Akira! Akira, wie er ihn anlächelte. Akiras schwere Hand auf seinem Kopf, wie er ihn liebevoll durch die Haare streichelte. Akira, der ihn tröstete, als er traurig war. Akira beim Fußballspielen. Akiras aufrichtiges Lächeln. Akira und dieses Mädchen. Akira, der sich über irgendwelchen Scheiß bei ihm beschwerte. Akira, wie er in seinem Bett lag und noch friedlich schlief. Akiras Arm, wie er ihn an sich zog. Akiras warmer Atem kurz bevor er ihn küsste. Akiras verspielter Blick, wenn er ihn mal wieder aufzog. Akira, der über irgendwelchen Kram fachsimpelte und dabei wild gestikulierte.

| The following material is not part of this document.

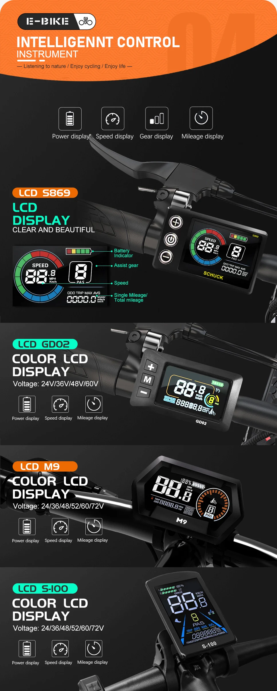 ◆Aluminum alloy frame for durability and stability, can support a heavy weight up to 220 Lbs; drive system without moving chains or gears for anti-friction; HD LCD display shows all the essential information such as battery percentage, speed, total and single trip distance, wattage, PAS levels, and error codes for easier troubleshooting.

Akira, wie er routiniert an seiner Zigarette zog und langsam den Rauch wieder ausblies. Akiras warme Umarmung. Akira beim Eis essen. Akira am Strand. Akira im Wasser. Akiras lebloser Körper. Akiras Beerdigung. Akiras Foto umrahmt von einem schwarzen Bilderrahmen mit einer schwarzen Schleife. Eine Welt – ohne Akira.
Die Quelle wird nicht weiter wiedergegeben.